About this task –
Retype, word for word, each line between the lines holding "以方形為基礎的一款18K白色" and "nivel de juego.", inclusive, and leave the rest of the data alone.
[Data for this exercise Boundary: Start]
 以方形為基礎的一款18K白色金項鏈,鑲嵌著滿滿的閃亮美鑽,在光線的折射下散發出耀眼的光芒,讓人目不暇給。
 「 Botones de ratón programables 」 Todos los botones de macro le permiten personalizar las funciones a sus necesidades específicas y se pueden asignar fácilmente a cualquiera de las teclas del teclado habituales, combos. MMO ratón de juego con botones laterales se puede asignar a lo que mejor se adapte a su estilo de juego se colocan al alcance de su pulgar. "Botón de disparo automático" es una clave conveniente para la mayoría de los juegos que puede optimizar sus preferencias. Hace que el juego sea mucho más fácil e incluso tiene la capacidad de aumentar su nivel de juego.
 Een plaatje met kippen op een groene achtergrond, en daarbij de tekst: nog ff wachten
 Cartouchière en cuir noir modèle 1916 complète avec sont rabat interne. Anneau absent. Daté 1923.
[Data for this exercise Boundary: End]
[Data for this exercise Boundary: Start]
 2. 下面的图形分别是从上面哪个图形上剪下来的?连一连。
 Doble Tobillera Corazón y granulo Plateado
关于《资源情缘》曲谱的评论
[Data for this exercise Boundary: End]
[Data for this exercise Boundary: Start]
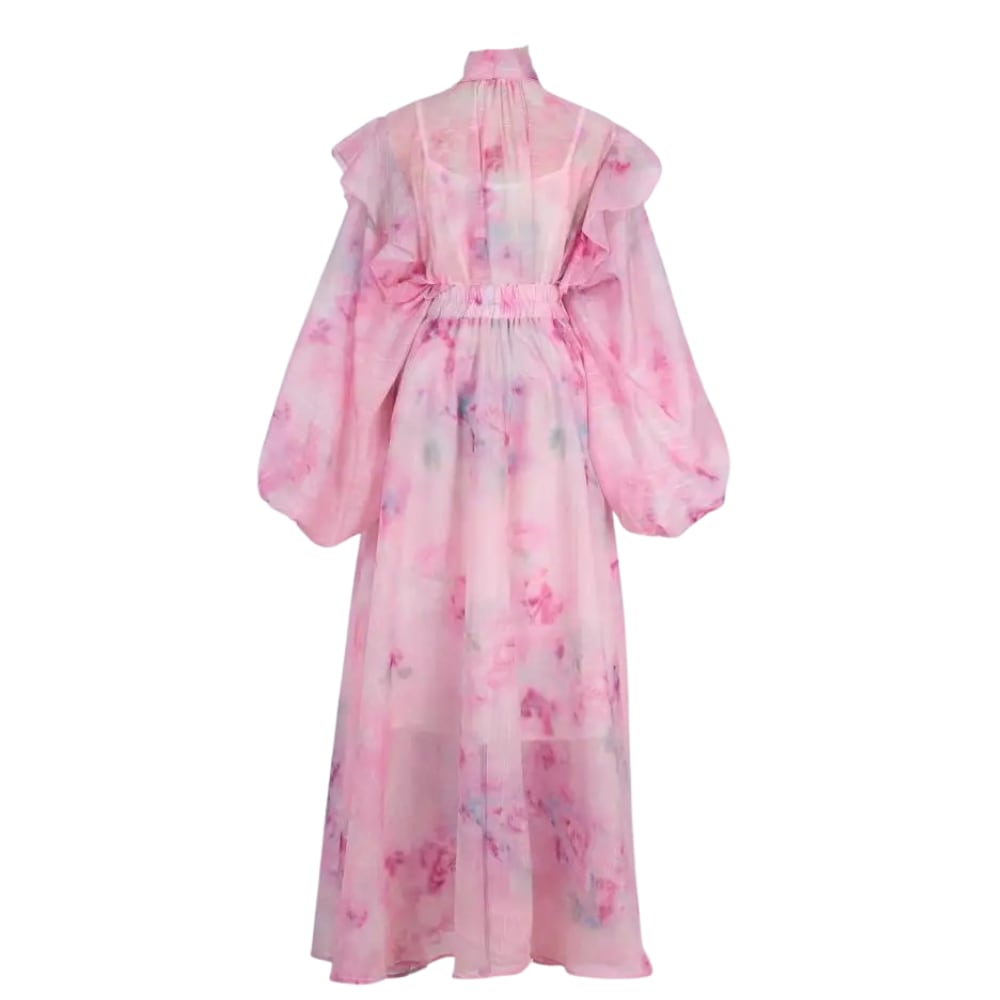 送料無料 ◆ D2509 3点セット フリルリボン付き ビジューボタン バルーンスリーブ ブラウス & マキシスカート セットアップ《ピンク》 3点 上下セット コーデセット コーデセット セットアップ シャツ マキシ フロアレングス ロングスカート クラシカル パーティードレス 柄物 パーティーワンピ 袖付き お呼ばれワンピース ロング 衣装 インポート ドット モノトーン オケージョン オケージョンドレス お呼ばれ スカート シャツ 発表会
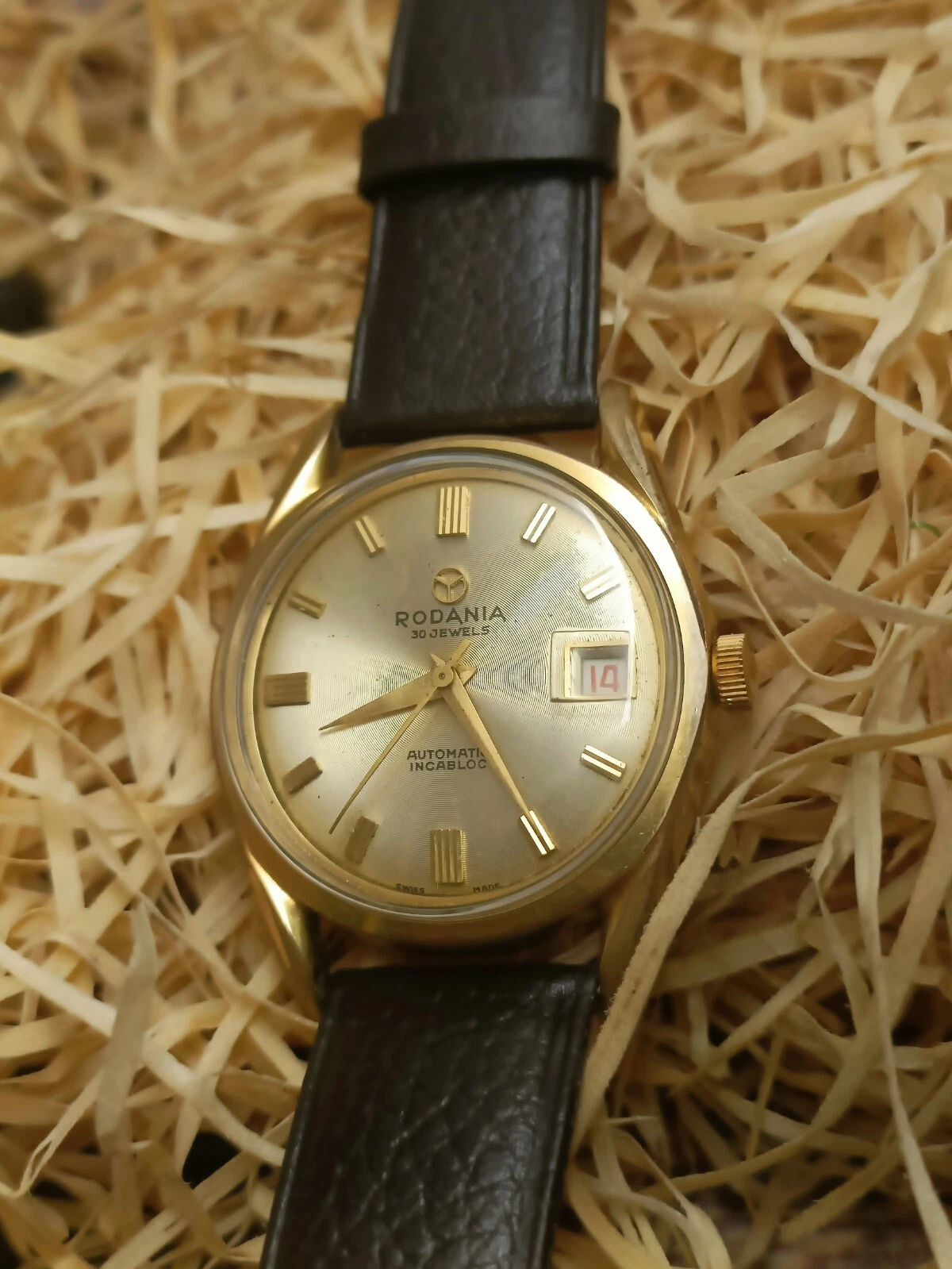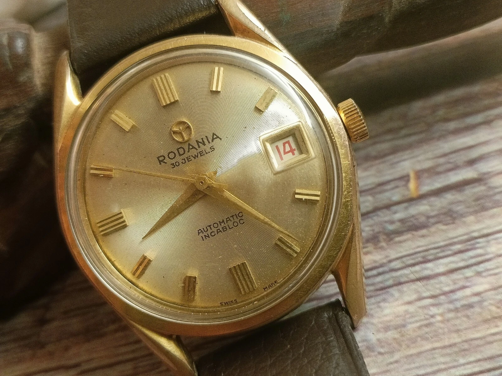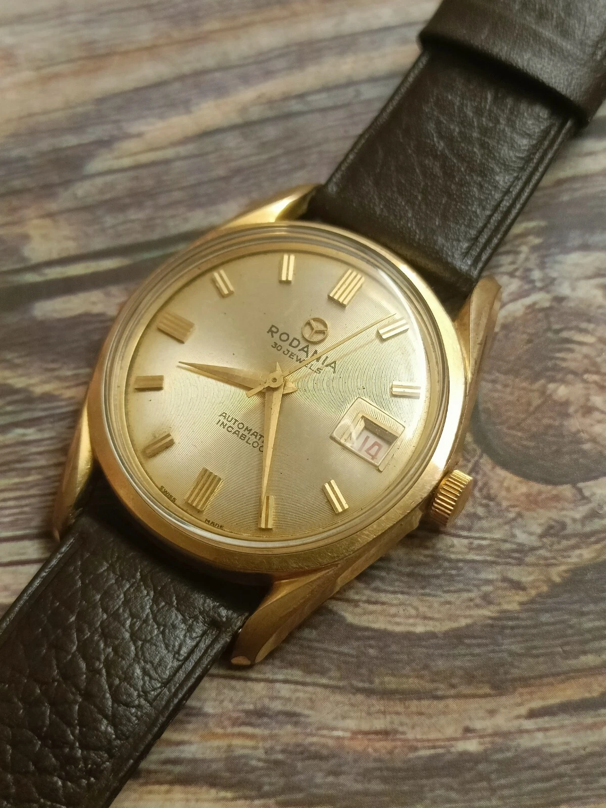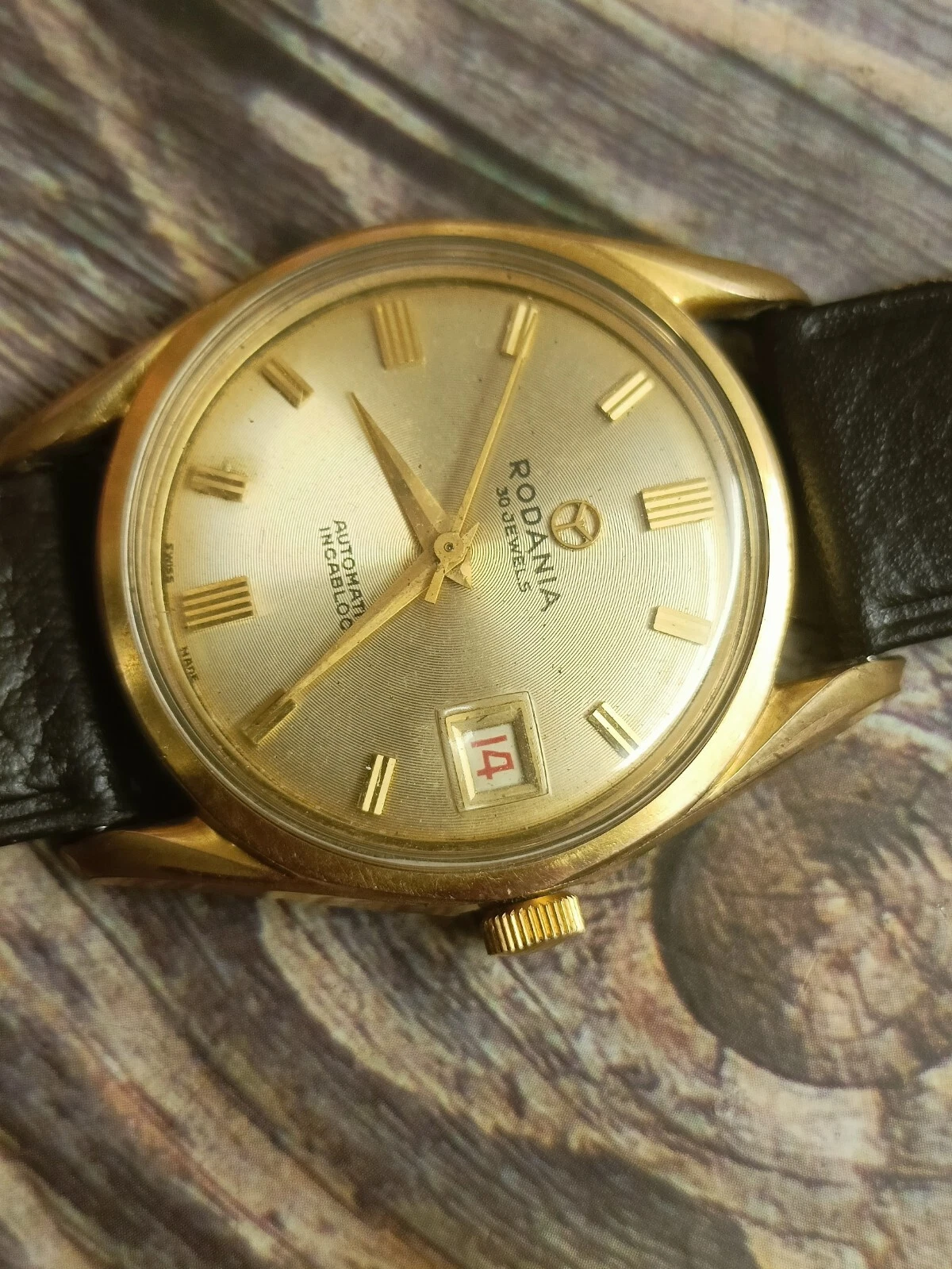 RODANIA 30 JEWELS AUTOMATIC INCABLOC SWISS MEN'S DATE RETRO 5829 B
[Data for this exercise Boundary: End]
Result for this exercise –
 以方形為基礎的一款18K白色金項鏈,鑲嵌著滿滿的閃亮美鑽,在光線的折射下散發出耀眼的光芒,讓人目不暇給。
 「 Botones de ratón programables 」 Todos los botones de macro le permiten personalizar las funciones a sus necesidades específicas y se pueden asignar fácilmente a cualquiera de las teclas del teclado habituales, combos. MMO ratón de juego con botones laterales se puede asignar a lo que mejor se adapte a su estilo de juego se colocan al alcance de su pulgar. "Botón de disparo automático" es una clave conveniente para la mayoría de los juegos que puede optimizar sus preferencias. Hace que el juego sea mucho más fácil e incluso tiene la capacidad de aumentar su nivel de juego.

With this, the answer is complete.